Then Alexander’s Feast—the little harpies have been at that too, and it is defiled. Poor Collins’ Ode to the Passions, on and off the stage, is torn to very tatters.
The Seven Ages of Man, and “All the world’s a stage, and all the men and women in it”—gone to destruction.
The quality of mercy is strained, and is no longer twice blest.
We turn with disgust from “angels and ministers of grace.” Adam’s morning hymn has lost the freshness of its charm. The bores have got into Paradise—scaled Heaven itself! and defied all the powers of Milton’s hell. Such Belials and Molochs as we have heard!
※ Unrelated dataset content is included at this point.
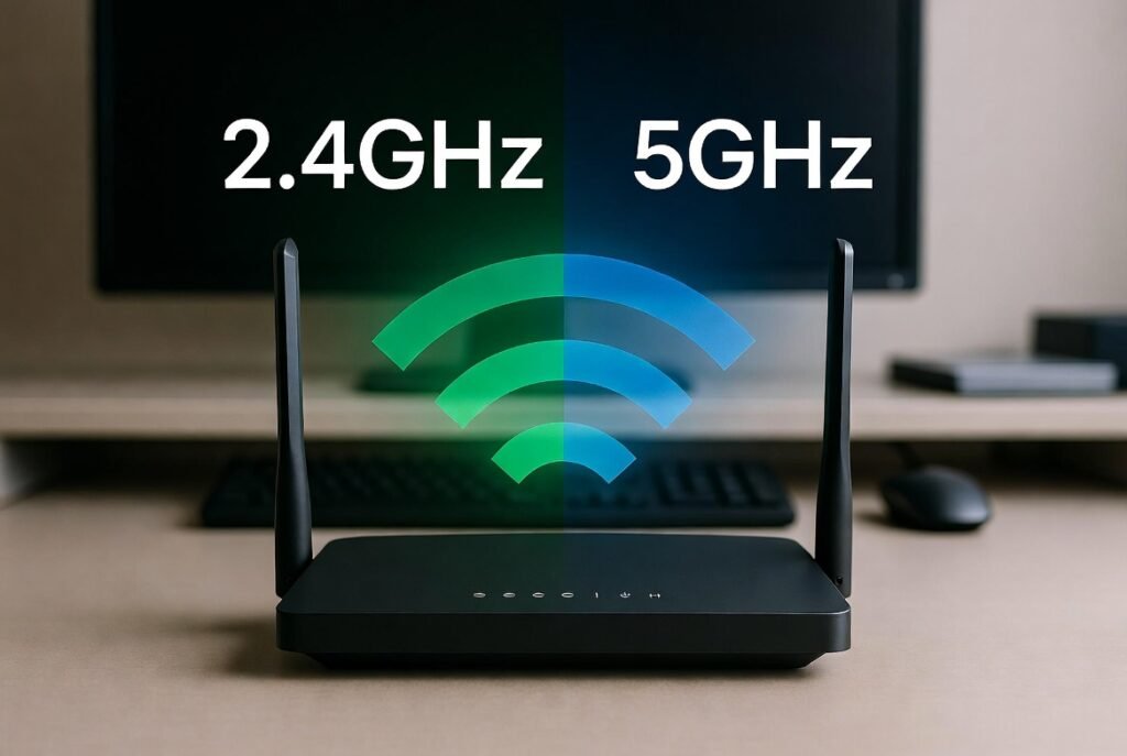 A dual-band router will broadcast 2.4 GHz and 5 GHz. This enables devices to network at the optimal frequency, which balances between speed and range as well as reduces congestion between devices.

It is absolutely shocking to perceive how immortal genius is in the power of mortal stupidity! Johnson, a champion of no mean force, stood forward in his day, and did what his single arm could do, to drive the little bores from the country church-yard.
“Could not the pretty dears repeat together?” had, however, but a momentary effect. Though he knocked down the pair that had attempted to stand before him, they got up again, or one down, another came on. To this hour they are at it.
What can be done against a race of beings not capable of being touched even by ridicule? What can we hope when the infant bore and his trainers have stood against the incomparable humour of “Thinks I to myself?”
In time—and as certainly as the grub turns in due season into the winged plague who buzzes and fly-blows—the little reciting bore turns into the dramatic or theatric acting, reading, singing, recitative—and finally into the everlasting-quotation-loving bore—Greek, Latin, and English.
The everlasting quotation-lover doats on the husks of learning. He is the infant reciting bore in second childishness. We wish in vain that it were in mere oblivion. From the ladies’ tea-tables the Greek and Latin quoting bores were driven away long ago by the Guardian and the Spectator, and seldom now translate for the country gentlewomen. But the mere English quotation-dealer, a mortal tiresome creature! still prevails, and figures still in certain circles of old blues, who are civil enough still to admire that wonderful memory of his which has a quotation ready for every thing you can say—He usually prefaces or ends his quotations with—“As the poet happily says,” or, “as Nature’s sweetest woodlark justly remarks;” or, “as the immortal Milton has it.”
To prevent the confusion and disgrace consequent upon such mistakes, and for the general advantage of literature, in reclaiming, if possible, what has gone to the bores, it might be a service to point out publicly such quotations as are now too common to be admitted within the pale of good taste.